DATA SUPPLIED |
* * * *
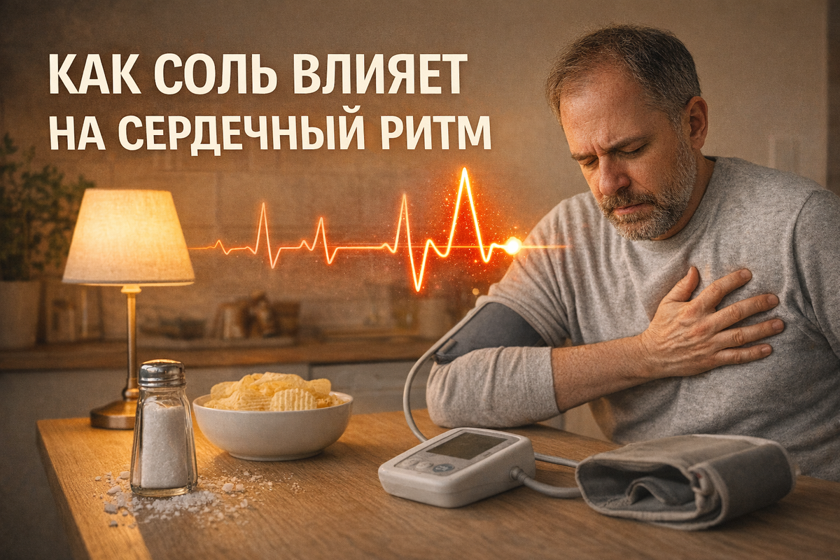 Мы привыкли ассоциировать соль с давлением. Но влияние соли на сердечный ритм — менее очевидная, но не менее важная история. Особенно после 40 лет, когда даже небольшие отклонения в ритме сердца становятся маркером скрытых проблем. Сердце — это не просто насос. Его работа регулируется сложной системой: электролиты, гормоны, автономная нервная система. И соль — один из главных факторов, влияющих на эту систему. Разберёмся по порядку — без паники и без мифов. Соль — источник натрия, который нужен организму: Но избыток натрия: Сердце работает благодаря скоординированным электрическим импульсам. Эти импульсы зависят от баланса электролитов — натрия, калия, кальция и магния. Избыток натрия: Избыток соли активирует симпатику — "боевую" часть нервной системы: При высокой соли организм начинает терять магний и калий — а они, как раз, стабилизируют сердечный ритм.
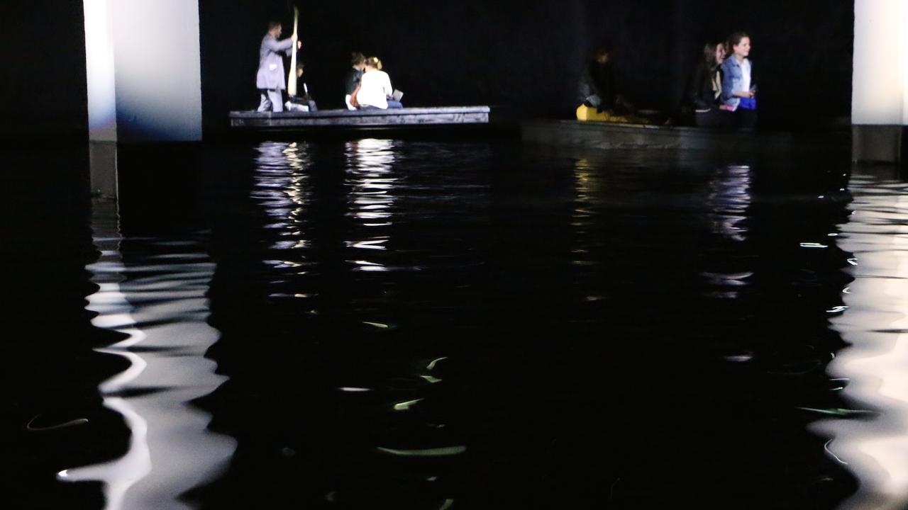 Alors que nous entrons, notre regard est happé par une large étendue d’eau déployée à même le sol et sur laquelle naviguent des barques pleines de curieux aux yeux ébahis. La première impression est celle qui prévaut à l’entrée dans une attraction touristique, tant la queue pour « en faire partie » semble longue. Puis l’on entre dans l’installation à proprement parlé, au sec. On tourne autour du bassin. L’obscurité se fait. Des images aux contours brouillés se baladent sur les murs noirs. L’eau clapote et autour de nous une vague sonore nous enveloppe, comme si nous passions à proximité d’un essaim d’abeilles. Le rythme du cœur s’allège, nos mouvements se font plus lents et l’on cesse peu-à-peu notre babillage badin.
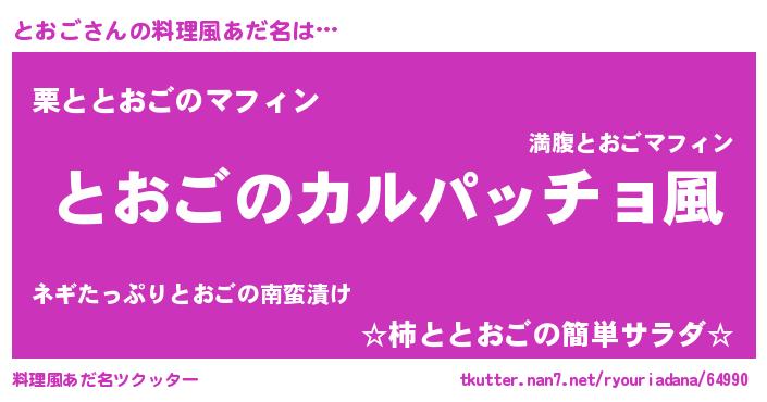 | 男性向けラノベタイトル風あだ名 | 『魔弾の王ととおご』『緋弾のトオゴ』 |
* * * *
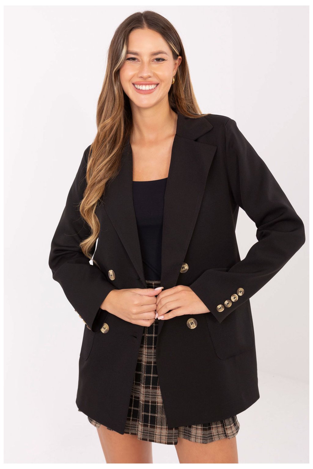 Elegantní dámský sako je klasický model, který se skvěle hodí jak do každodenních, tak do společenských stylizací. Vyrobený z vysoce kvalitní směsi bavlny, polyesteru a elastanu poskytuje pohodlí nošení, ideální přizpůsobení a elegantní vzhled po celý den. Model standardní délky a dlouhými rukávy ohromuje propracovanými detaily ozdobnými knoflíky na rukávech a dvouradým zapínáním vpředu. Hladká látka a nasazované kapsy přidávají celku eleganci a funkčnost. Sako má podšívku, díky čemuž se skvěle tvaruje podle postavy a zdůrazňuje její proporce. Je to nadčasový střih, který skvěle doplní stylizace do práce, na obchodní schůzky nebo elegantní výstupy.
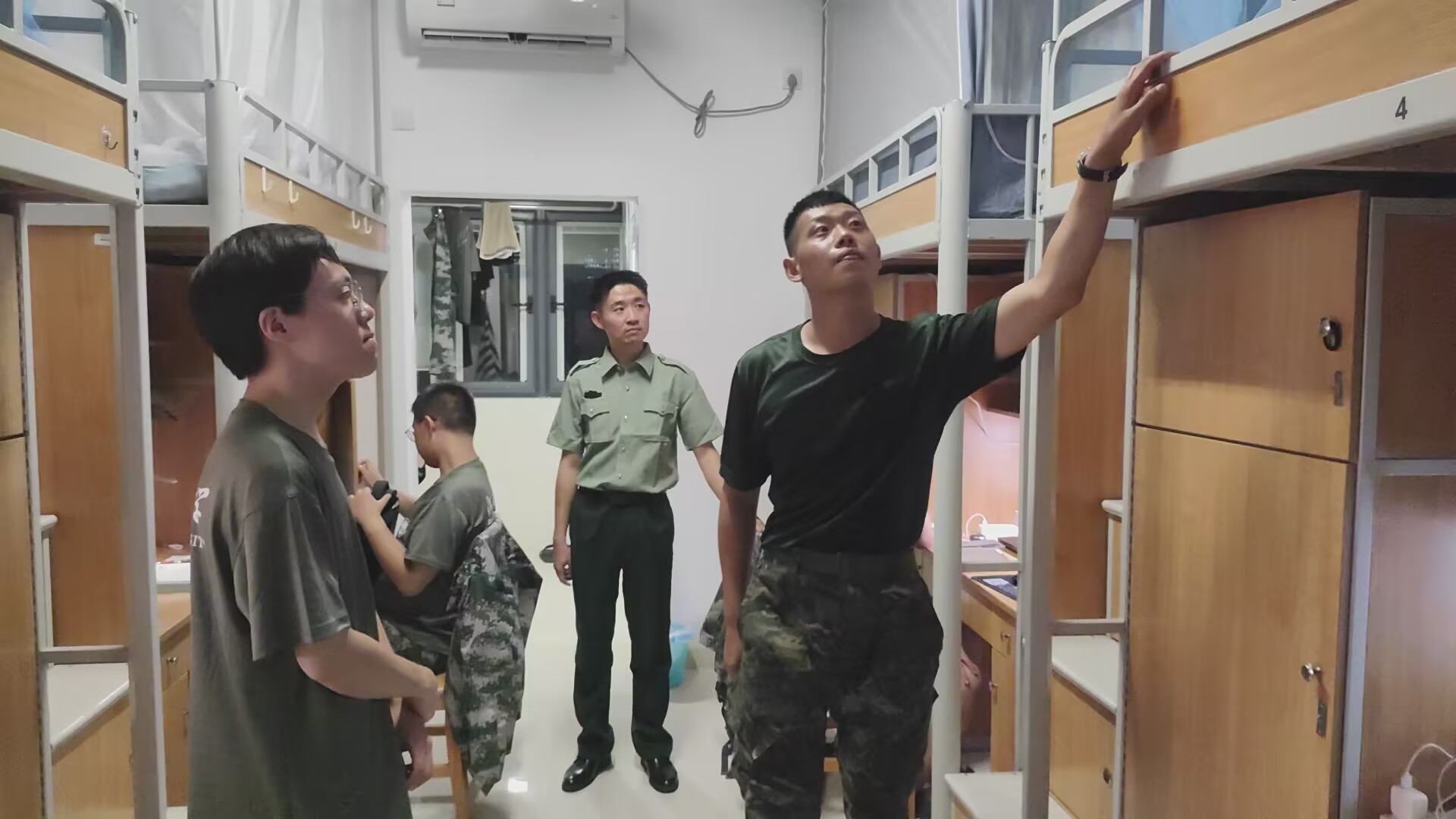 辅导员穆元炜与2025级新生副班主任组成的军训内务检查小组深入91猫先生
* * * *
PROMPT |
Print the line above containing "Elegantní dámský sako", the line containing "辅导员穆元炜与2025级新生副班主任组成的军训内务检查小组深入91猫先生", and everything between them, exactly as written. Pictures stay out.

RESULT OF THE EXERCISE |
 Elegantní dámský sako je klasický model, který se skvěle hodí jak do každodenních, tak do společenských stylizací. Vyrobený z vysoce kvalitní směsi bavlny, polyesteru a elastanu poskytuje pohodlí nošení, ideální přizpůsobení a elegantní vzhled po celý den. Model standardní délky a dlouhými rukávy ohromuje propracovanými detaily ozdobnými knoflíky na rukávech a dvouradým zapínáním vpředu. Hladká látka a nasazované kapsy přidávají celku eleganci a funkčnost. Sako má podšívku, díky čemuž se skvěle tvaruje podle postavy a zdůrazňuje její proporce. Je to nadčasový střih, který skvěle doplní stylizace do práce, na obchodní schůzky nebo elegantní výstupy.
 辅导员穆元炜与2025级新生副班主任组成的军训内务检查小组深入91猫先生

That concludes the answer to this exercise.